──────── EXTRACTED DATA

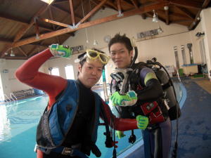 | プール後。 余裕のポーズです! さあ、海へ繰り出しましょう〜 |
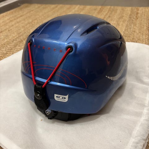 Kaksi kautta laskettu Salomonin laskettelukypärä. Max 55cm päänympärys. Takana säätöpyörä. Hyväkuntoiset pehmusteet. Kuoressa muutama naarmu. Vain noutona.
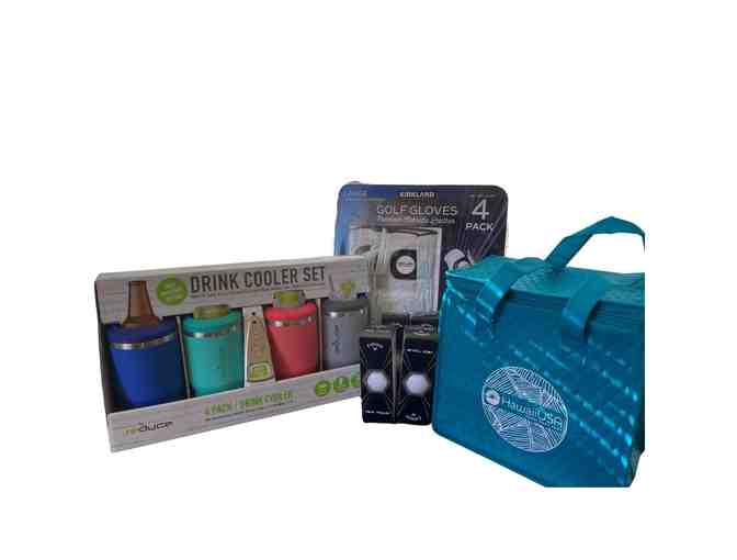 Enjoy this basket on a summer day on the golf course! Basket includes 4 packages of Callaway golf balls, a set of 4 golf gloves, a set of 4 drink coolers, and a lunch sack to keep your perishable foods cool.
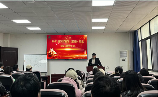 近日,湖北大学人人摸人人看2021级学科教学(英语)硕士研究生实习动员大会在逸夫人文楼A2014举行。会议由学院副院长杨小彬主持,学科教学(英语)学位点负责人张睿副教授和教学秘书尚万茹老师参加会议。
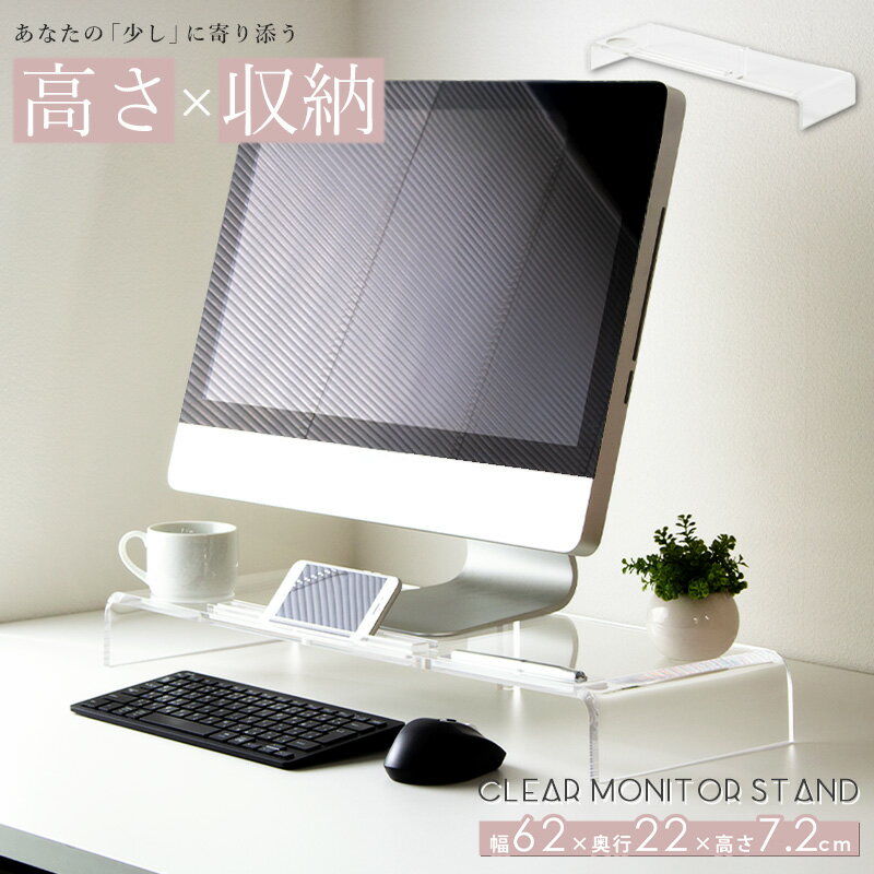 【完成品】 クリアモニタースタンド/幅60cmタイプ ・デスクワーク環境を便利で快適にするモニタースタンド。 ・モニターを浮かせることで、棚下を収納スペースとして有効利用。 ・キーボードやマウスなどの周辺機器やステーショナリー小物を収納できて、机の上がすっきり! ・目線を上げて作業することで、肩や腰への普段を軽減し、長時間の作業でも疲れにくくなります。 ・背板の無いオープンタイプなので、配線もすっきりさせることができます。 ・約幅60cm×奥行20cmのコンパクトなサイズ感で、卓上、机上で場所を取りません。 ・クリアなアクリル素材は、光を透過させることで明るさを演出し、洗練された印象を与えます。 利用場所: リビング 書斎 オフィス SOHO 事務所 デスク周り デスク上 卓上 新生活 一人暮らし 1人暮らし 利用方法: モニターの台 モニター台 モニタースタンド ディスプレイ台 pcモニター台 パソコンモニター台 デスクモニター台 パソコンディスプレイ台 pcディスプレイ台 デスクトップ台 ディスプレイスタンド モニターラック 卓上ラック 机上ラック pcラック ディスプレイ置き台 置台 おすすめポイント: 完成品 組み立て不要 モニター下 ディスプレイ下 キーボード収納 マウス収納 幅60cm 小さめ コンパクト 24インチ 奥行30cm スリム 省スペース 高さ10cm 低め 低い 薄型 2段 二段 高さ調整 木製 木目 白 ホワイト ブラック ナチュラル ブラウン【完成品】 クリアモニタースタンド/26型/幅60cmタイプ その他おすすめアイテム モニタースタンド/幅60cm モニタースタンド/幅80cm モニタースタンド tower/幅60cm 商品名 【完成品】 クリアモニタースタンド/幅60cmタイプ 色 クリア サイズ 本体:幅62×奥行22×高さ7.2cm 重量 約1.7kg 材質 アクリル(10mm厚) 仕様 耐荷重:天板10kg 対応テモニターサイズ目安:〜26V 梱包サイズ:63.5×24×10cm/2.2kg 完成品 生産国:中国 配送について 玄関先お届け 配達日時指定可 備考 沖縄県全域/離島への配送は別途送料が必要です(※送料は当店へご確認ください) リビング用品一覧はこちら トップページへ 【1日はポイント10倍★】 【完成品】 モニター台 モニタースタンド 幅60cm 奥行20cm 高さ7cm 2段 高さ調整 worksモニター台 卓上 24インチ 26インチ パソコンモニター台 works パソコン ディスプレイ台 卓上 アクリル モニター 下 収納 高さ調節 コンパクト クリア works 7,480 円
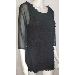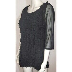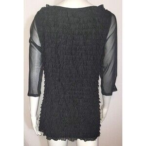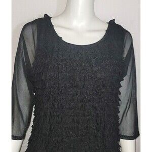 Cocomo Layered Tiered Ruffled Blouse Black with sheer sleeves Ruffled tiers are so slimming the added length makes it perfect with leggings or jeans of any color!
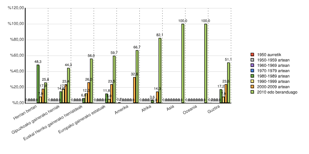 3.2.2.4 Grafikoa: Jatorria Kontinente eta Erroldatze urtearen arabera

────────────────

[TASK OBJECTIVE]:
Please return only the lines running from the line with "Kaksi kautta laskettu" to the final line of the data, both included, exactly and without any pictures.

[REPLY TO THE EXERCISE]:
 Kaksi kautta laskettu Salomonin laskettelukypärä. Max 55cm päänympärys. Takana säätöpyörä. Hyväkuntoiset pehmusteet. Kuoressa muutama naarmu. Vain noutona.
 Enjoy this basket on a summer day on the golf course! Basket includes 4 packages of Callaway golf balls, a set of 4 golf gloves, a set of 4 drink coolers, and a lunch sack to keep your perishable foods cool.
 近日,湖北大学人人摸人人看2021级学科教学(英语)硕士研究生实习动员大会在逸夫人文楼A2014举行。会议由学院副院长杨小彬主持,学科教学(英语)学位点负责人张睿副教授和教学秘书尚万茹老师参加会议。
 【完成品】 クリアモニタースタンド/幅60cmタイプ ・デスクワーク環境を便利で快適にするモニタースタンド。 ・モニターを浮かせることで、棚下を収納スペースとして有効利用。 ・キーボードやマウスなどの周辺機器やステーショナリー小物を収納できて、机の上がすっきり! ・目線を上げて作業することで、肩や腰への普段を軽減し、長時間の作業でも疲れにくくなります。 ・背板の無いオープンタイプなので、配線もすっきりさせることができます。 ・約幅60cm×奥行20cmのコンパクトなサイズ感で、卓上、机上で場所を取りません。 ・クリアなアクリル素材は、光を透過させることで明るさを演出し、洗練された印象を与えます。 利用場所: リビング 書斎 オフィス SOHO 事務所 デスク周り デスク上 卓上 新生活 一人暮らし 1人暮らし 利用方法: モニターの台 モニター台 モニタースタンド ディスプレイ台 pcモニター台 パソコンモニター台 デスクモニター台 パソコンディスプレイ台 pcディスプレイ台 デスクトップ台 ディスプレイスタンド モニターラック 卓上ラック 机上ラック pcラック ディスプレイ置き台 置台 おすすめポイント: 完成品 組み立て不要 モニター下 ディスプレイ下 キーボード収納 マウス収納 幅60cm 小さめ コンパクト 24インチ 奥行30cm スリム 省スペース 高さ10cm 低め 低い 薄型 2段 二段 高さ調整 木製 木目 白 ホワイト ブラック ナチュラル ブラウン【完成品】 クリアモニタースタンド/26型/幅60cmタイプ その他おすすめアイテム モニタースタンド/幅60cm モニタースタンド/幅80cm モニタースタンド tower/幅60cm 商品名 【完成品】 クリアモニタースタンド/幅60cmタイプ 色 クリア サイズ 本体:幅62×奥行22×高さ7.2cm 重量 約1.7kg 材質 アクリル(10mm厚) 仕様 耐荷重:天板10kg 対応テモニターサイズ目安:〜26V 梱包サイズ:63.5×24×10cm/2.2kg 完成品 生産国:中国 配送について 玄関先お届け 配達日時指定可 備考 沖縄県全域/離島への配送は別途送料が必要です(※送料は当店へご確認ください) リビング用品一覧はこちら トップページへ 【1日はポイント10倍★】 【完成品】 モニター台 モニタースタンド 幅60cm 奥行20cm 高さ7cm 2段 高さ調整 worksモニター台 卓上 24インチ 26インチ パソコンモニター台 works パソコン ディスプレイ台 卓上 アクリル モニター 下 収納 高さ調節 コンパクト クリア works 7,480 円
 Cocomo Layered Tiered Ruffled Blouse Black with sheer sleeves Ruffled tiers are so slimming the added length makes it perfect with leggings or jeans of any color!
 3.2.2.4 Grafikoa: Jatorria Kontinente eta Erroldatze urtearen arabera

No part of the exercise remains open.